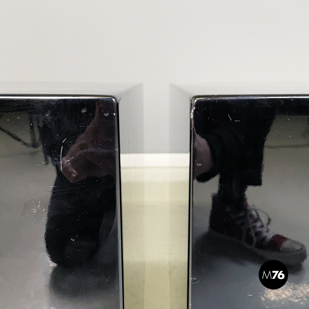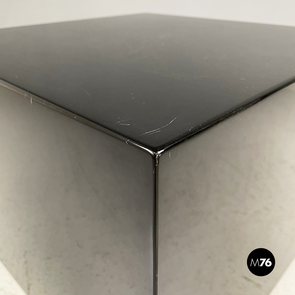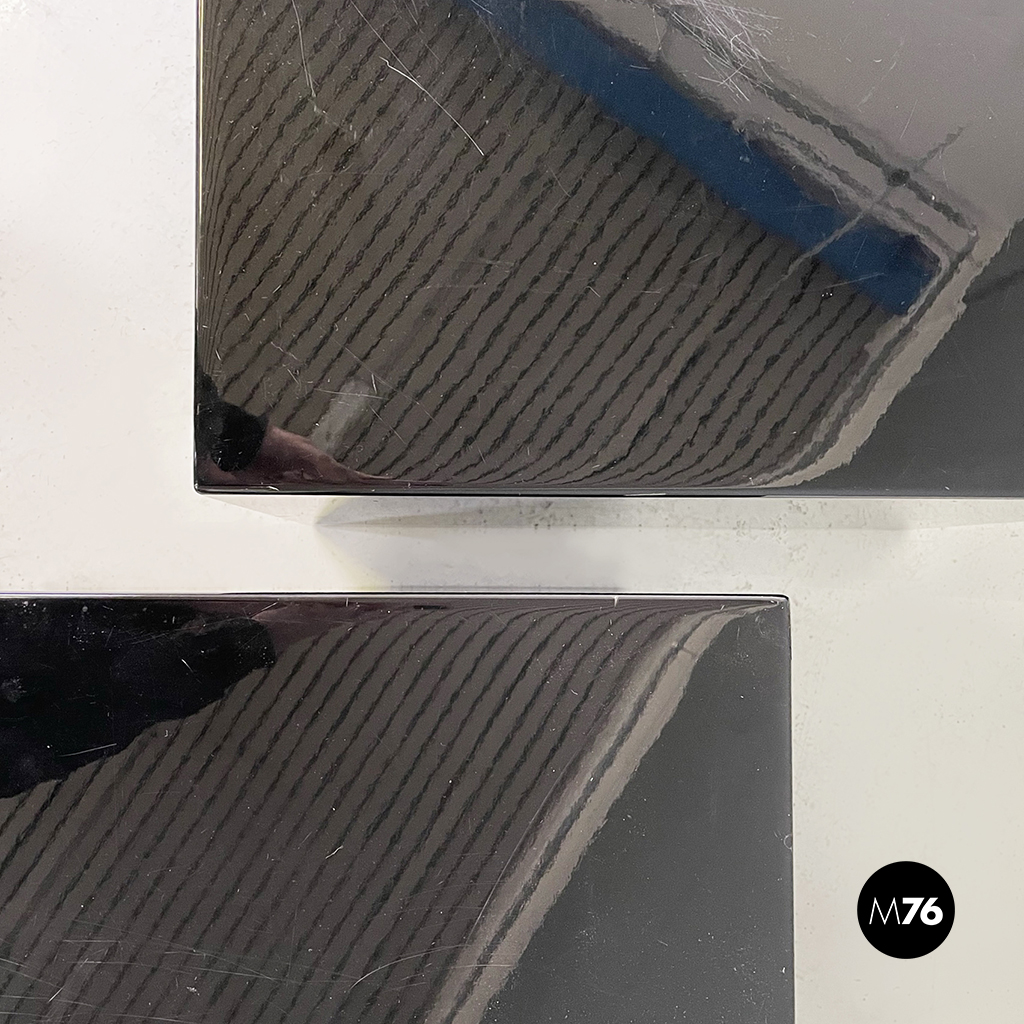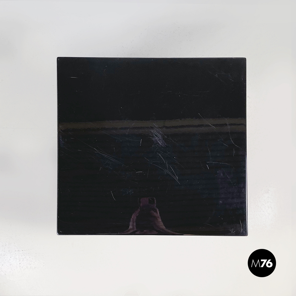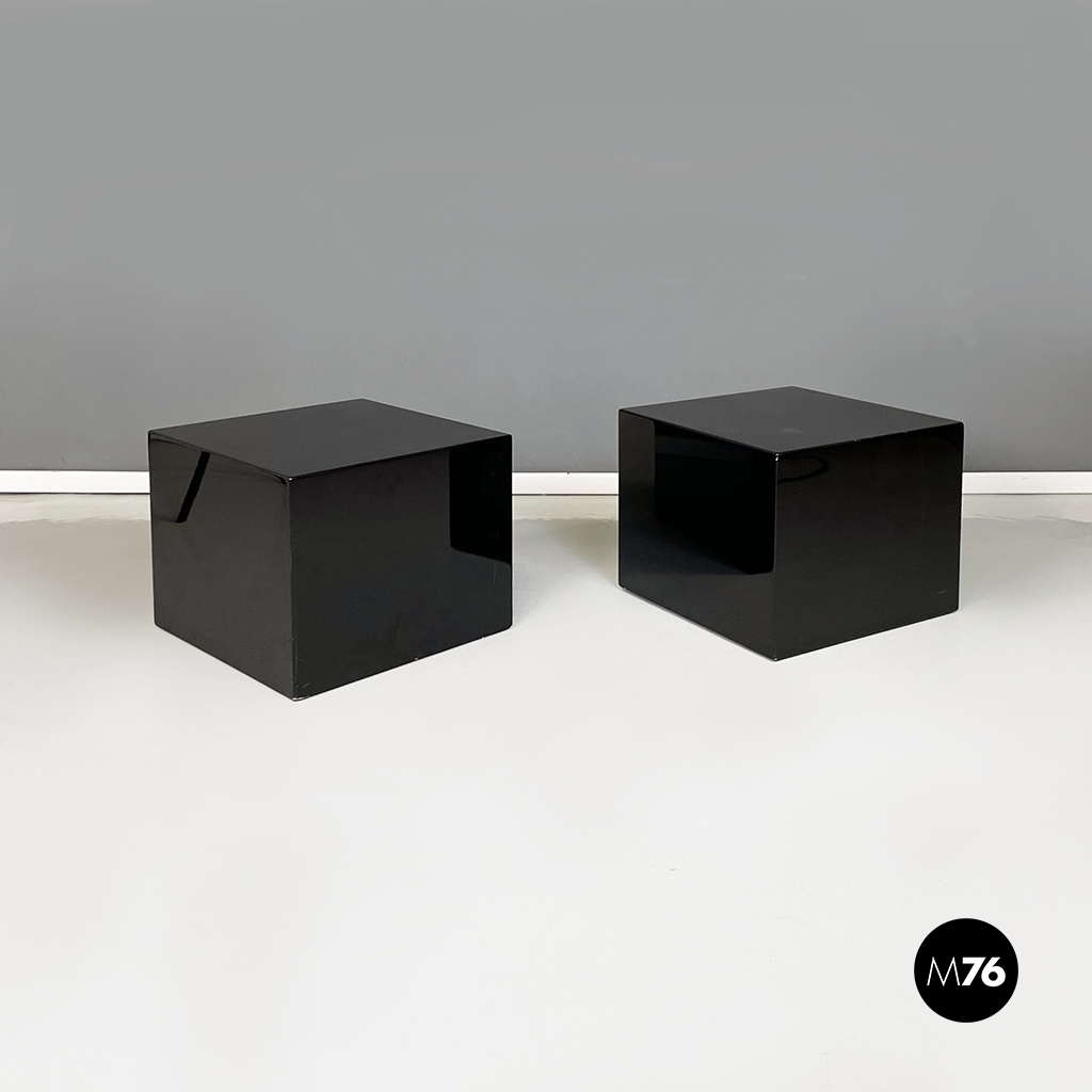 Coppia di tavoli da caffè con piano quadrato interamente in legno laccato nero. I bordi del tavolo sono arrotondati. Alla base sono presenti delle ruote. Possono essere usati anche come comodini espositori piedistalli o tavoli laterali.
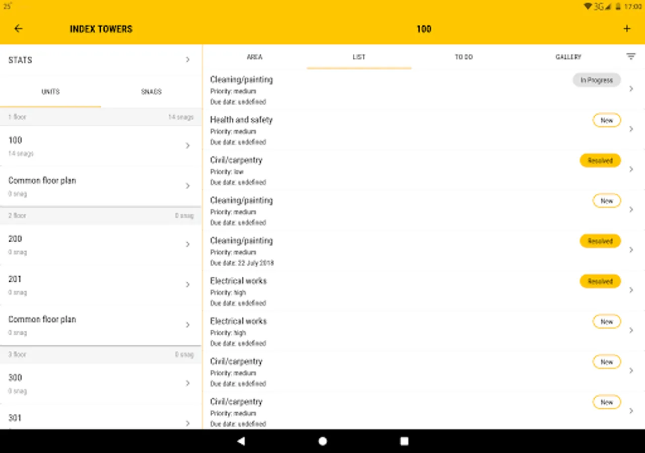 Snagging app for building inspection and management. Includes handover features and OA management.
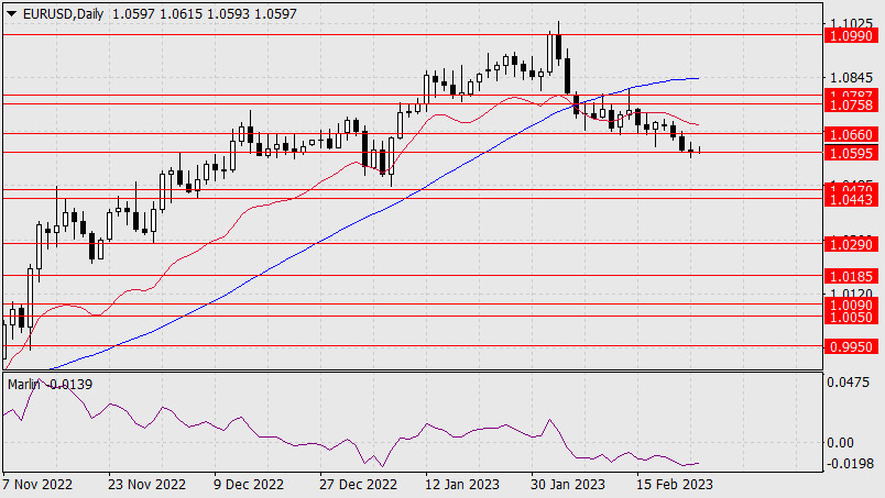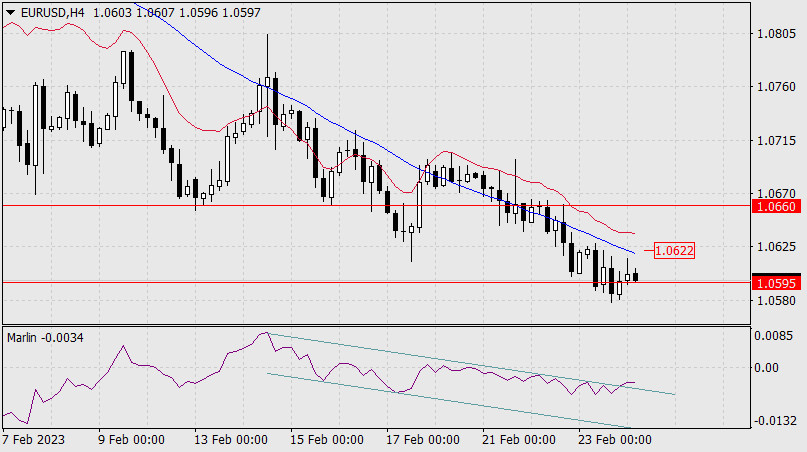 Прогноз по EUR/USD на 24 февраля 2023 годаИнстаФорекс - Instaforex, 2 года назад В четверг евро показал небольшую волатильность, не в силах оторваться от целевого уровня 1.0595. Сегодня утром котировка также колеблется возле данного уровня, но осциллятор Марлин начал разворот вверх, поэтому может быть коррекция до сопротивления 1.0660. Если цена найдёт в себе силы закрепиться под 1.0595, то со следующей недели ждём поход до целевого уровня 1.0443/70.

> _Problem to solve_:
Could you output the listing word for word, omitting every picture?

> _Task output_:
 Coppia di tavoli da caffè con piano quadrato interamente in legno laccato nero. I bordi del tavolo sono arrotondati. Alla base sono presenti delle ruote. Possono essere usati anche come comodini espositori piedistalli o tavoli laterali.
 Snagging app for building inspection and management. Includes handover features and OA management.
 Прогноз по EUR/USD на 24 февраля 2023 годаИнстаФорекс - Instaforex, 2 года назад В четверг евро показал небольшую волатильность, не в силах оторваться от целевого уровня 1.0595. Сегодня утром котировка также колеблется возле данного уровня, но осциллятор Марлин начал разворот вверх, поэтому может быть коррекция до сопротивления 1.0660. Если цена найдёт в себе силы закрепиться под 1.0595, то со следующей недели ждём поход до целевого уровня 1.0443/70.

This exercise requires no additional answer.